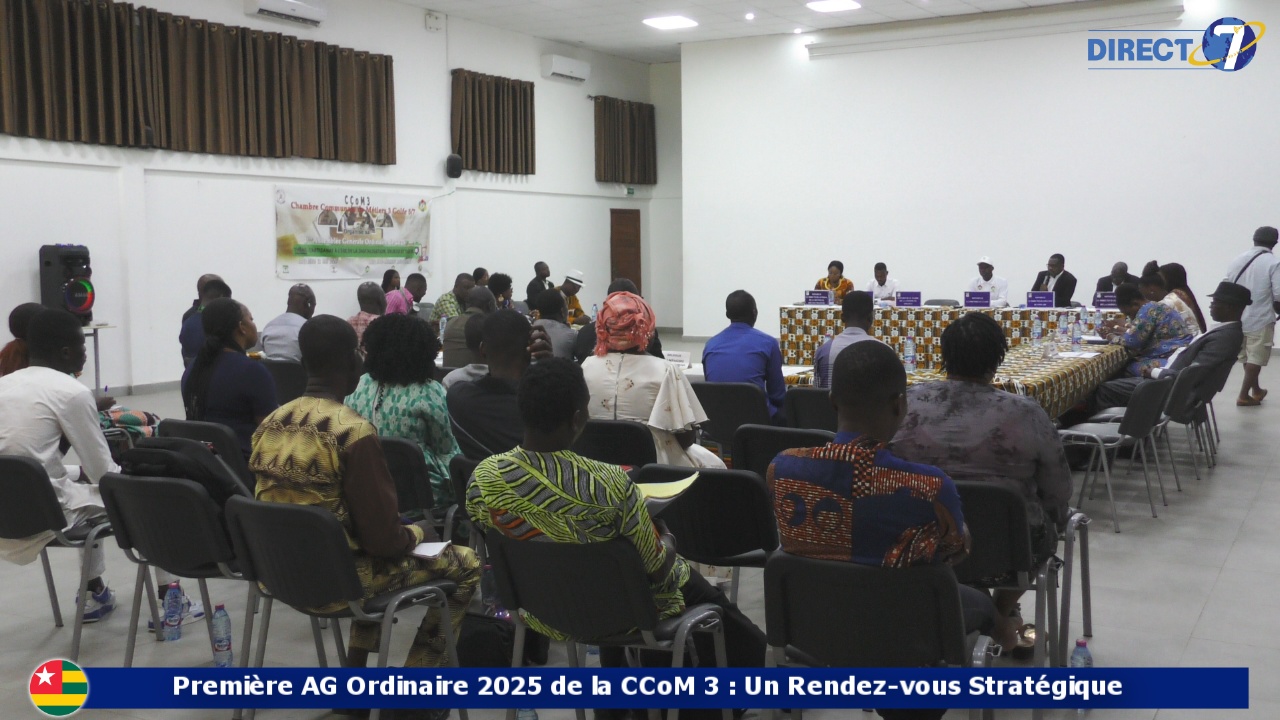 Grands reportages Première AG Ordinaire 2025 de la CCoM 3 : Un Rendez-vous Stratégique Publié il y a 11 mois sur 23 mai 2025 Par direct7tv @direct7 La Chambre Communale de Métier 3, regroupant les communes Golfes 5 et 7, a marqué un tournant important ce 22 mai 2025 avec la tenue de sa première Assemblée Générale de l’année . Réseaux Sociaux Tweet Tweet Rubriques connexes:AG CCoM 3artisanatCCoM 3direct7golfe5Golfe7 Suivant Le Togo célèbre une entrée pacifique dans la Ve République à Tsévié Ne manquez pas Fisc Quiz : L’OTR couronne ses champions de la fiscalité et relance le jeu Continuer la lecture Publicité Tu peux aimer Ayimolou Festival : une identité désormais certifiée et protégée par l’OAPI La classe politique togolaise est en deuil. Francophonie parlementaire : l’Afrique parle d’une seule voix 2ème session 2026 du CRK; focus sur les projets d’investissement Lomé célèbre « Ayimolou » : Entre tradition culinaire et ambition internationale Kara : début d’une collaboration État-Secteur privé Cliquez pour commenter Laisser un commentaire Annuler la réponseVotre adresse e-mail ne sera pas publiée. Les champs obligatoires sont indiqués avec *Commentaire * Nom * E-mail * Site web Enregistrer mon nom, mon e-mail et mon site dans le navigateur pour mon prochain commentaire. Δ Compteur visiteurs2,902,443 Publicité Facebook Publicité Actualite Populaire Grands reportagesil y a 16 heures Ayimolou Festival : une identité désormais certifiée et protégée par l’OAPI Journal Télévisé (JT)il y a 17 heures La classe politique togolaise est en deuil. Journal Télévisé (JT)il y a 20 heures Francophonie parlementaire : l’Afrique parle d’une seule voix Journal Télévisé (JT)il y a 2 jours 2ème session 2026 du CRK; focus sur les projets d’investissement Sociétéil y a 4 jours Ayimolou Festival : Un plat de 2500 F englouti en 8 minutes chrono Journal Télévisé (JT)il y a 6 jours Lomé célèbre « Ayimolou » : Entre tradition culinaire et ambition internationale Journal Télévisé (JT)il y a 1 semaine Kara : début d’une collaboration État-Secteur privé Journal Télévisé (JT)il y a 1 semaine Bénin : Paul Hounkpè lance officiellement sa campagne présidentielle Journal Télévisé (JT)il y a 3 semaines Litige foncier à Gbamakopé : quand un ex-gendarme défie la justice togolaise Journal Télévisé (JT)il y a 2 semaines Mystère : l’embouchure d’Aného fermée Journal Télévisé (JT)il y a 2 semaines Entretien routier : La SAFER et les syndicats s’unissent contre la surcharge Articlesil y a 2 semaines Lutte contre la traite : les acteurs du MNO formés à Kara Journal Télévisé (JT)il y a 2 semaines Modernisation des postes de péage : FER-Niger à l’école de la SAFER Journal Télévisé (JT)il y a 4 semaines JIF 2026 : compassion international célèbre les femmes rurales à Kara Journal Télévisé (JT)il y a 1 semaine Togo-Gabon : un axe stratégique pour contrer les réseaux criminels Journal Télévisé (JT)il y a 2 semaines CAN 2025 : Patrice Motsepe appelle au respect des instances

==

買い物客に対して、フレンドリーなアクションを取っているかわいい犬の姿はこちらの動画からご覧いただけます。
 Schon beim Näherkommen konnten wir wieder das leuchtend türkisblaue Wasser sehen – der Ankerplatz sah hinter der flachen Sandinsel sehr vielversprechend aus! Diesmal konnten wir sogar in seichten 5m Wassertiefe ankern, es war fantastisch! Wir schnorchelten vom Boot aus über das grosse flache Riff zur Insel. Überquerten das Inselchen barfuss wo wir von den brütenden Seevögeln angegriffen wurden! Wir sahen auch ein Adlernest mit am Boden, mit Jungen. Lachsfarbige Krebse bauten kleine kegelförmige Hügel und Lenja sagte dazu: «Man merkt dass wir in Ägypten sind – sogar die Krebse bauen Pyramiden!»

==

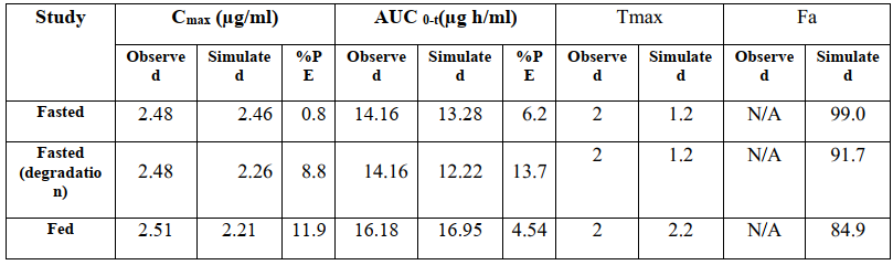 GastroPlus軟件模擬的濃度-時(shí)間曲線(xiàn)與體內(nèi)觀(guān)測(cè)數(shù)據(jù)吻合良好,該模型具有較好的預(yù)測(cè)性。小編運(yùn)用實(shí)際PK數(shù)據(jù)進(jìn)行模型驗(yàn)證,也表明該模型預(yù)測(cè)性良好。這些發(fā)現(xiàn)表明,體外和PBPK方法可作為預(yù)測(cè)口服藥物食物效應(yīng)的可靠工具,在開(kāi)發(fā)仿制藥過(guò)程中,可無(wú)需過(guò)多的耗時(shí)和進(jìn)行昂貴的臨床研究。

## [EXERCISE OBJECTIVE]
Above are records; repeat only the lines starting at the line with "買い物客に対して、フレンドリ" and ending at the line with "Schon beim Näherkommen", exactly as they appear, both included.

## [RESPONSE FOR THIS EXERCISE]
買い物客に対して、フレンドリーなアクションを取っているかわいい犬の姿はこちらの動画からご覧いただけます。
 Schon beim Näherkommen konnten wir wieder das leuchtend türkisblaue Wasser sehen – der Ankerplatz sah hinter der flachen Sandinsel sehr vielversprechend aus! Diesmal konnten wir sogar in seichten 5m Wassertiefe ankern, es war fantastisch! Wir schnorchelten vom Boot aus über das grosse flache Riff zur Insel. Überquerten das Inselchen barfuss wo wir von den brütenden Seevögeln angegriffen wurden! Wir sahen auch ein Adlernest mit am Boden, mit Jungen. Lachsfarbige Krebse bauten kleine kegelförmige Hügel und Lenja sagte dazu: «Man merkt dass wir in Ägypten sind – sogar die Krebse bauen Pyramiden!»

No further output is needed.